Hence there’s nothing like a rigid divide between past and present. They are separated by no more than a nano-second between NOW and the immediate nano-second before NOW, so that legacies/contributions from the past infuse every moment as it is lived.

Secondly, thinking in terms of binary alternatives: Having to choose between bad/old/dead versus good/new/alive is a classic example of binary thought. It is an approach commonly cultivated by activists, for example in revolutionary or apocalyptic religious movements. Are you with the great cause or against it? Such attitudes can be psychologically powerful in binding groups together.

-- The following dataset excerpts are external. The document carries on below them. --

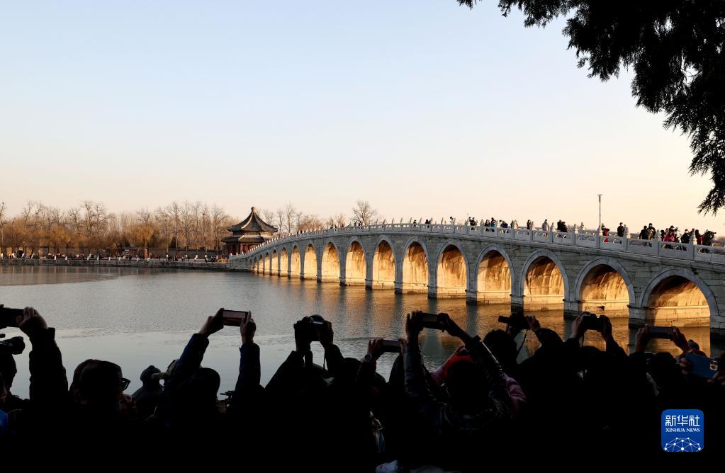 游客在北京頤和園南湖島拍攝“金光穿洞”(11月25日攝)。新華社記者 陳建力 攝
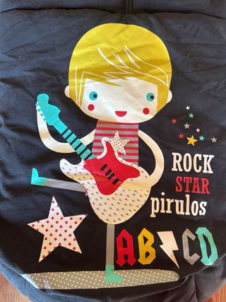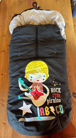Saco de invierno para carritos de bebé, negro, como nuevo. Muy poco uso. - 100cm x 45 cm - Estampado de Rock Star Pirulos con un niño tocando la guitarra. - Colores vivos y alegres. - Material exterior negro y forro interior gris. - Ajustable a todo tipo de carro / silla de paseo - Tiene cremalleras a ambos lados para facilitar su apertura para por ejemplo cambiarle el pañal al peque - La parte interior tiene una franja abajo para proteger en caso de que el peque lleve zapatos
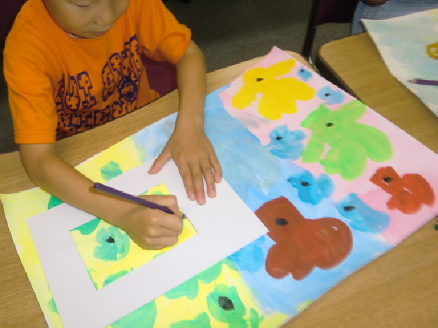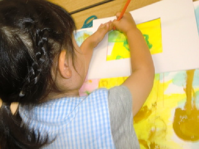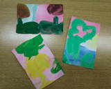 絵の具でたくさん花を描いて、ポストカード大にトリミング。小さな額に入れて飾ってもいいし、誰かに送っても良し♪
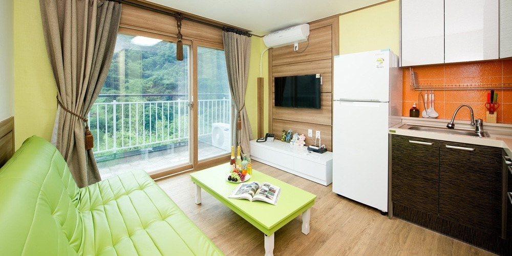 I-Harang Naye ikwindawo ecacileyo ye-Baegunsan Mountain nalapho intlambo ihamba khona. Yindawo yokuhlala ethe cwaka netofotofo. Izinto eziyimfihlo zeendwendwe zibalulekile. Igumbi lika-201 lizitepsi zangaphakathi ezenziwe ngendlela ye-loft ukuze ungene kwigumbi lokulala nakwi-terrace. Izinto ezinokusetyenziswa ezifana nebhafu evulekileyo yabucala, ithala elivulekileyo neprojekthi yomqadi. * Igumbi elincinci elifakwe kwi-terrace lixhotyiswe ngeprojektha yomqadi, ibe kukho ibhedi esesofeni, ngoko ikwalungele ukusebenza okanye ukufunda. Kwindawo yakho emnandi nekhuselekileyo, umlilo wamalahle (i-firearm) i-barbecue awuvumelekanga, kodwa kukho i-grill yombane kunye nesitshisi. Sikulungiselele ukuba upheke uze utye ukutya okugalelweyo okanye okubilisayo. * Isinki yasekhitshini yafakwa kwithala ukuze unciphise intshukumo yokunyuka nokuhla uye kumgangatho wokuqala. Thatha ikhefu kunye nentsapho okanye umthandi kwikhaya elizolileyo:)
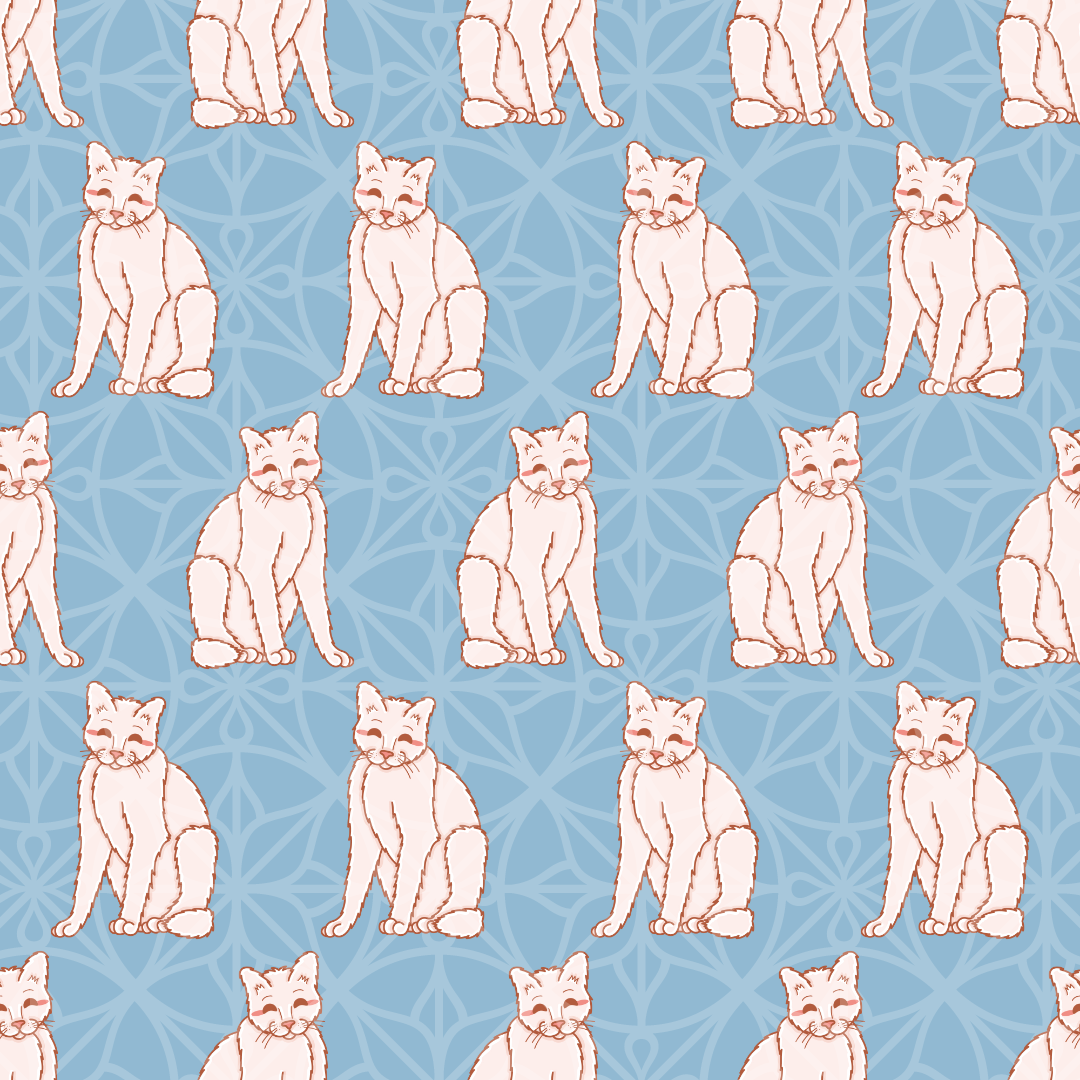 Smiling kitten vector pattern background. Cute cat seamless illustration.

Binaries can also be useful when assessing the strength and weakness of an argument or a proposed course of action. As bimanual creatures, we can consider the pros and cons, using the formula ‘on the one hand’ … ‘on the other hand’. Indeed, when making a case, it’s always helpful to understand the arguments against your own. That way, when facing a fundamental critic, you are prepared. (Binary options also provide a good way to bully a witness on oath: Come on, answer, Yes or No! When the truthful reply might be ‘Somewhat’ or ‘Maybe’.)

It’s even been argued that some human societies are intrinsically binary in their deepest thought patterns. Russian culture is one that has been historically so identified.5 Hence binary switching may have helped to familiarise the population with the country’s dramatic twentieth-century lurches from Tsarism to Communism and, later, back to a different form of oligarchic Democracy. (Do today’s Russians agree; or perhaps, agree somewhat?)

Either way, there is no doubt that binary thought, like binary notation, has its uses. But studying History requires the capacity to grapple with complexity alongside simplicity. Is the past dead or alive? The answer is both and neither. It falls within the embrace of ever-stable ever-fluid Time, which lives and dies simultaneously.

J.H. Plumb, The Death of the Past (1969; reissued Harmondsworth, 1973; Basingstoke, 2003).

W. Faulkner, Requiem for a Nun (1951), Act 1, sc. 3.

K. Marx, The Eighteenth Brumaire of Louis Napoleon (1851/2), in D. McClellan (ed.), Karl Marx: Selected Writings (Oxford, 1977), p. 300.

P. Clark, The Chinese Cultural Revolution: A History (Cambridge, 2008); M. Gao, The Battle for China’s Past: Mao and the Cultural Revolution (2008).

Y.M. Lotman and B.A. Uspensky, ‘Binary Models in the Dynamics of Russian Culture’, in A.D. and A.S. Nakhimovsky (eds), The Semiotics of Russian Cultural History (Ithaca, NY., 1985), pp. 30-66.